(republished on Cattle Crew Blog) Between the automation/manufacturing area and the enterprise information technology has been a disruption that is historically driven. Automation is closer to hardware so that the software evolved differently than software used on enterprise level. Moreover, it is easier to replace a business application than machines and controller in production lines. This is why different principles have been applied to both domains.

Nevertheless, disciplines in computing are getting closer which is driven by the digitalization as well as fastening innovation cycles. As a result, the wish to have production data and, therefore, insights into production processes is mentioned often. Moreover, Internet of Things even promises to influence processes from a business perspective. From the perspective of the automation area it means, that integration with the enterprise sector is required.

One huge challenge you come across is the underlying software stack when integrating enterprise and manufacturing solutions. Former manufacturing technologies like OPC (Open Platform Communication, newly called OPC Classic) are based on windows COM/DCOM interfaces to control actuators and consume messages from sensors.

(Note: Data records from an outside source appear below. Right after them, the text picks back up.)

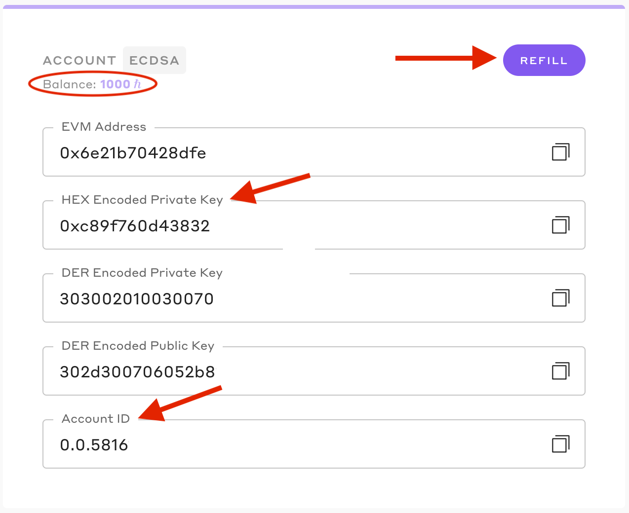 Once your testnet account is created, it will automatically be funded with 1000 HBAR. From the portal dashboard, you can view your account ID and key pair. Copy and securely save your HEX-encoded private key to configure your development environment later.
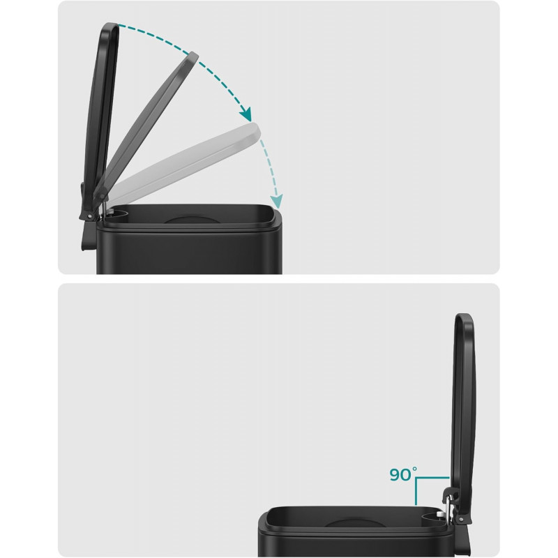 Marca SONGMICSCapacitate 6 litri Culoare Negru Mecanism de deschidere Step-On, Pedala Tip finisaj Vopsit Greutatea articolului 0.8 Kilograme Dimensiunile produsului 23.9 L x 19.3 W x 25.5 H centimetri
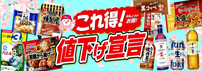 (株)東武ストア(東京都板橋区、木村吉延社長)は 4月1日(月)から 4月30日(火)までの1カ月間、食料品を中心とした生活必需品253品目を値下げする「これ得!値下げ宣言」を全60店で実施する。
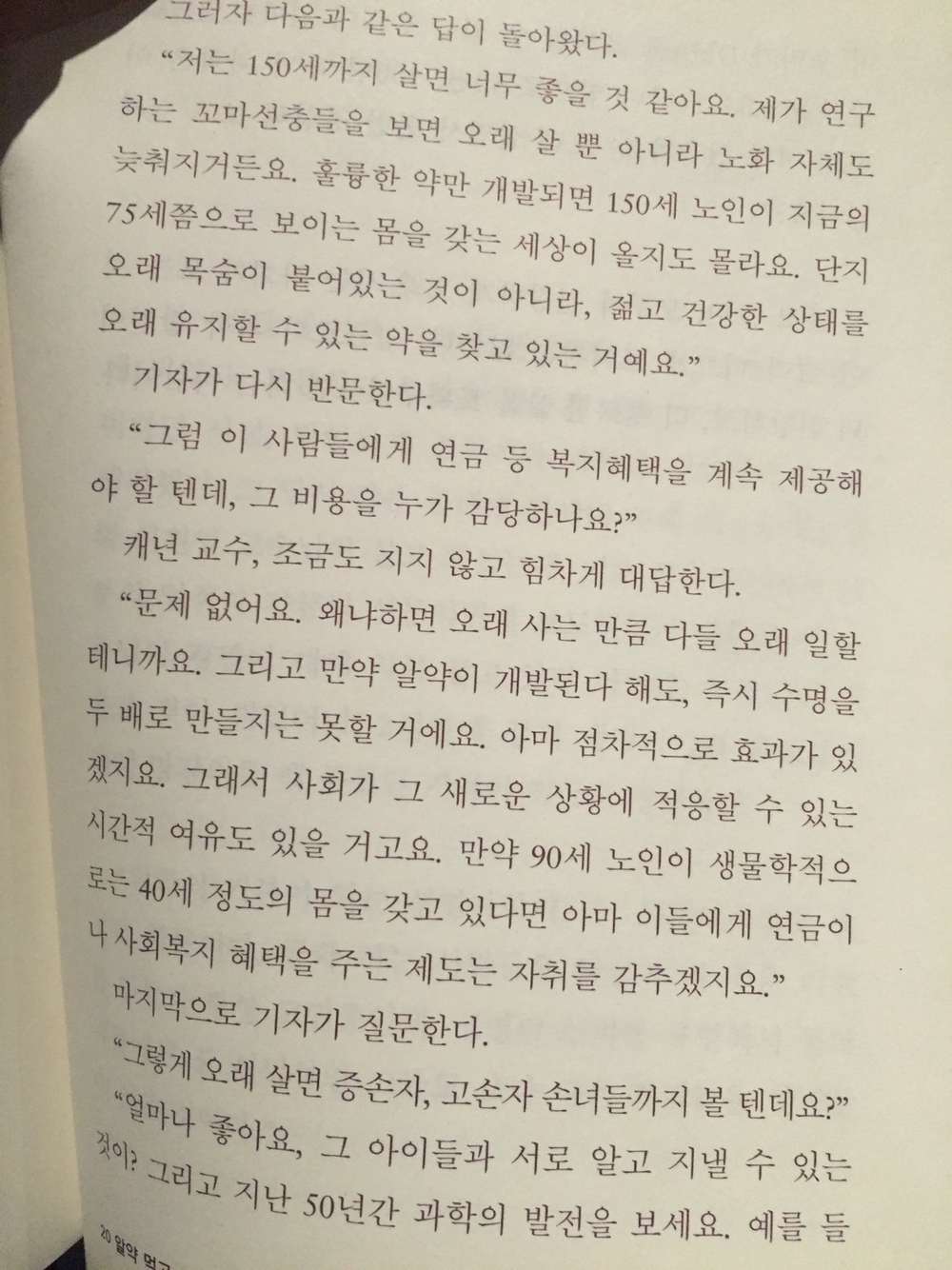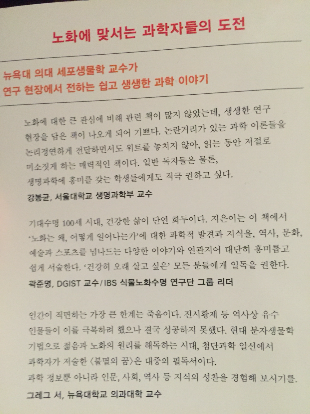 책은 뉴욕대 한국인 세포생물학자의 노화 이야기. 과학 발전은 슈퍼스타 몫이 아니라 학자들의 토론과 논쟁에서 나온다며 다양한 관련 연구를 소개해준다. 조금 어려운 대목들도 있지만 대중 눈높이로 애쓰셨다ㅎ
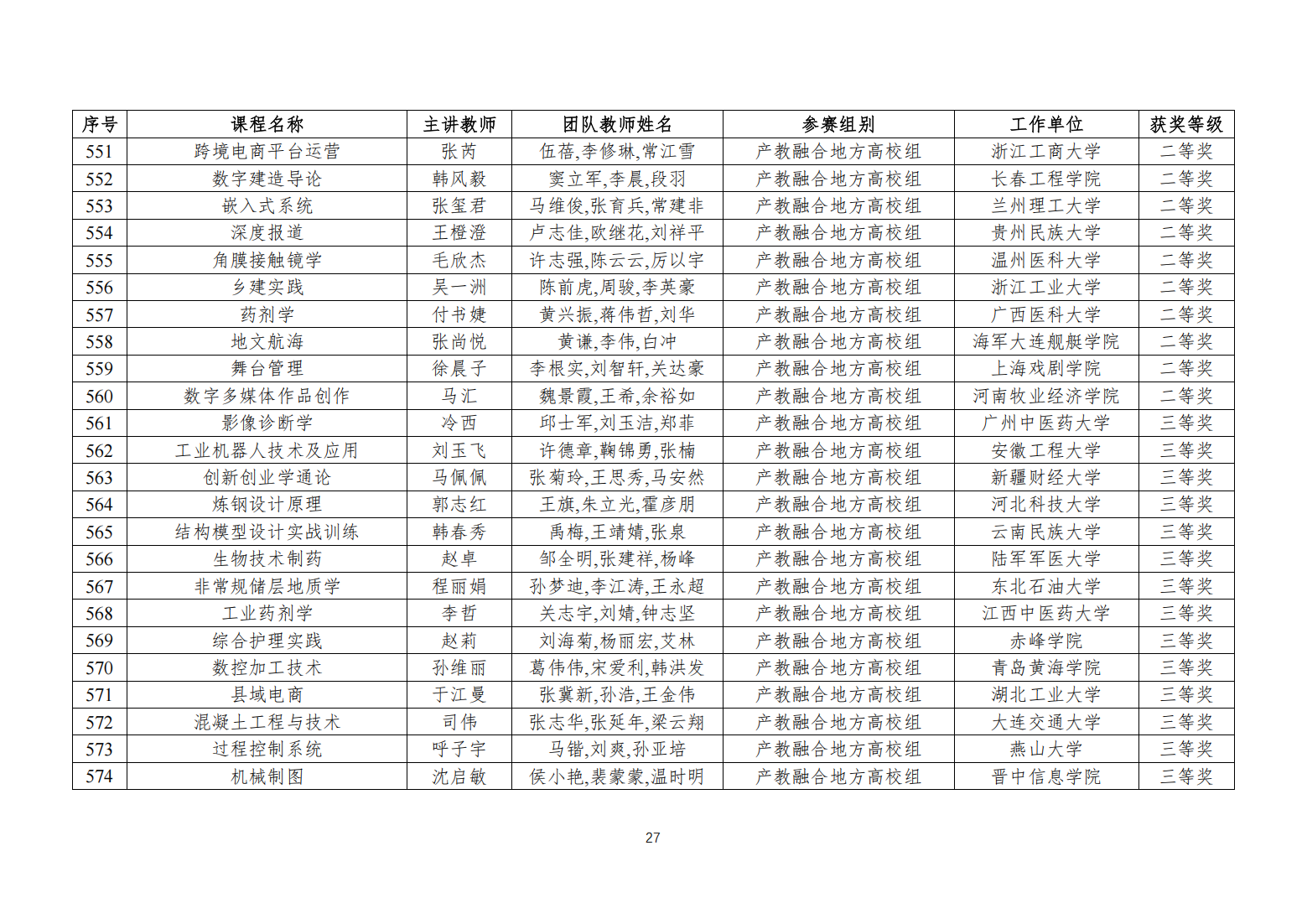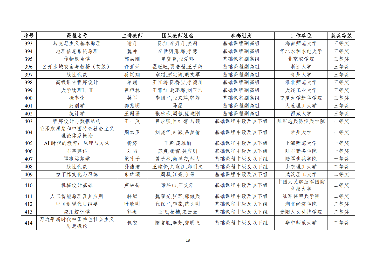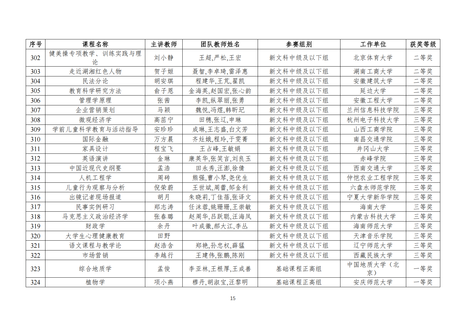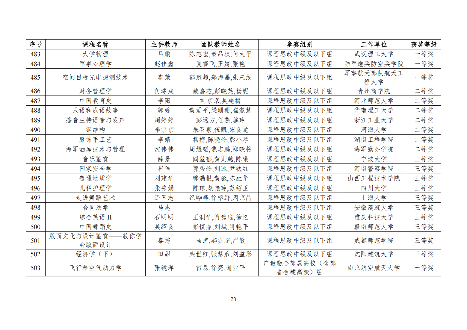 關于公布第五屆全國高校教師教學創新大賽獲獎名單的通知
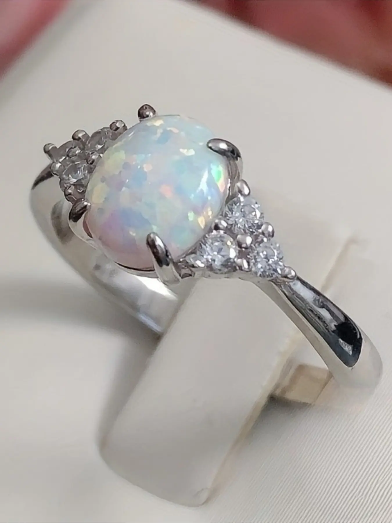 Classic and elegant oval inlaid imitation Australian treasure women's ring suitable for daily parties, banquets, engagements, women's jewelry gifts
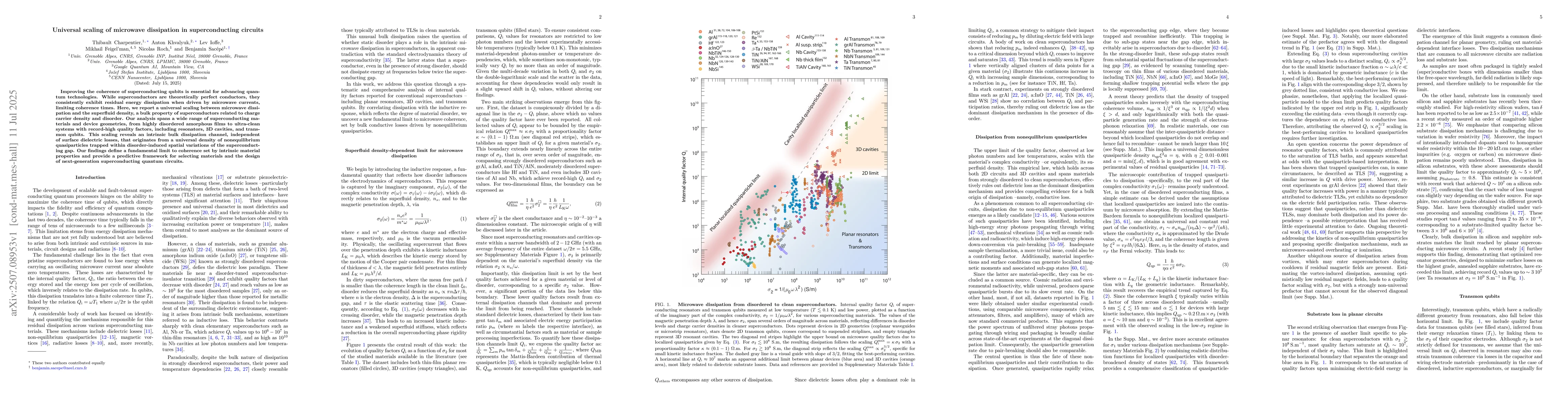 The paper introduces a universal scaling model linking microwave dissipation to superfluid density, providing insights into the intrinsic dissipation mechanisms in superconducting circuits.

This differs completely compared to the approach used in enterprise applications. Today, communication between systems and applications is mainly based on web technology while in manufacturing other industry protocols are used.

To overcome this disruption and to enable communication between manufacturing and enterprise, OPC UA (Open Platform Communication – Open Architecture) was designed, which brings us one huge step closer to Industry 4.0 ideas. Basically, OPC UA is a kind of middleware and, therefore, a bridge to the enterprise IT.

enterprise it pyramid

There are several controller systems on the market which are able to connect to an OPC UA Server. These controllers have typically sensors and actuators attached which can be controlled by OPC UA. Moreover, OPC UA provides a SOAP based API that can be called by any kind of client. Processes, dashboards and other kinds of applications can therefore request data from sensors and can interact with actuators. With the help of an enterprise service bus this API can even made be available as an enterprise wide business service.

With such a setup it is possible to leverage data from manufacturing and production to enhance enterprise applications. BPM applications, Big Data principles and analysis, modern clients, dashboards and much more topics can suddenly be combined with production data. Furthermore, these applications can be used to control processes as well as devices. Therefore, in production we gain the same control loop that can be found in IoT scenarios.

opc ua controlloop

As an example: imagine, sales acquired a highly prioritized order for some technical goods that needs to be produced. As soon as the order is entered into the company’s order management platform automated processes start to reorganize the production plans and to inform machines in the production lines. Machines are updated with the new specification so that the newly ordered goods are produced. As a result, OPC UA has the chance to play a big role in Industry 4.0 and is a piece of technology one should definitely have an eye on.